Hughes and Koestler’s experiences in Central Asia in 1932, sound a lot like mine, so many years later. I followed the show trials broadcast on state television by Turkmenistan’s president-for-life, Saparmurat Niyazov. I lived on a former Soviet collective cotton farm. Like Koestler, I squirmed at first when faced with local standards of hygiene. Like both of the writers, I consumed endless amounts of mutton pilaf, round flatbread, and green tea with amiable and generous hosts. The Soviet Union had grown, flourished, and fallen in the 72 years separating our visits, but not much had really changed.
Dedicated
I left Turkmenistan in the summer of 2006 and began a Master’s program at the University of Chicago, where I spent my free time in the libraries, trying to answer the questions about Central Asia that I’d gathered during my Peace Corps service. One winter day, as I sat with my feet on my desk watching the snow fall in the alley outside my window, I was idly examining a copy of Hughes’s I Wonder as I Wander, which I’d found in the library during my search for a solution to the mystery of the boy reading A Raisin in the Sun.
I wasn’t looking for anything in particular; I’d already discovered what I’d wanted to know. I just love books. So I paged through, feeling the texture of the cover and the brittleness of the pages. Then I flipped to the front and started from the beginning, examining the title page and then moving on. I stopped short when I came to the dedication: To Arthur and Marion Spingarn.
Spingarn is my grandmother’s maiden name and seeing it there shook something loose from the back of my brain. I remembered my grandmother telling me that her mother used to trade poetry with Langston Hughes. I’d never taken the story seriously; old people tell lots of stories and not all of them should be believed.
But now I was curious. So I emailed my father and asked him who Arthur and Marion Spingarn were. My great uncle and aunt, was the answer. “On hot summer afternoons, Aunt Marion would serve me cold root beer and Uncle Arthur would allow me to actually hold the enormous .45 revolver he carried as an officer in World War I”, he wrote.
The Spingarns, I learned, were a wealthy Jewish family based in New York, and were deeply involved in the civil rights movement. My great grandfather, Joel Spingarn, helped found the NAACP and both he and his brother Arthur served as president of the civil rights organization in its early years. They met Hughes when he visited their summer home in Amenia for tea, at the invitation of my great grandmother, Amy Spingarn, according to Faith Berry’s 1992 book Langston Hughes Before and Beyond Harlem.

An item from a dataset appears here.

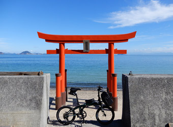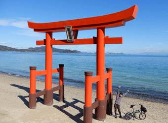 さらに片添ヶ浜海浜公園の少し南には厳島神社の分社があり、本家本元宮島の厳島神社と同じく海に浮く鳥居がある。と言っても訪問時は干潮で砂浜の上に建っていた。ちょうどいいので砂浜へ下りて記念撮影。前回訪れた時は豪雨の影響で鳥居の一部が壊れていたが、しっかり修復され鮮やかな朱色の鳥居に生まれ変わっていた。ここも周防大島サイクリングには外せないお気に入りスポット。 |

Hughes never got along very well with Joel Spingarn, whom he found “aloof and cold,” Berry wrote. But after meeting his wife and her brother-in-law, “emotional ties were formed between Hughes and the Spingarn family that lasted for the rest of their lives.”
Arthur was Hughes’s “pro bono attorney and personal friend for more than forty years.” Amy traded encouraging letters with him and acted as his “secret benefactress,” paying for him to attend Lincoln University. In I Wonder as I Wander, Hughes praised the hospitality of a man he met in Uzbekistan by saying that he was “in his way as amiable and as thoughtful a host as had been . . . Amy Spingarn.”
And so, after all my searching, it turned out that if I’d wanted to solve the mystery of why that Turkmen boy had recited A Raisin in the Sun for me, I should have just asked my grandmother. She surely knew all about Hughes’s adventures in Central Asia and perhaps even about his travels with Koestler.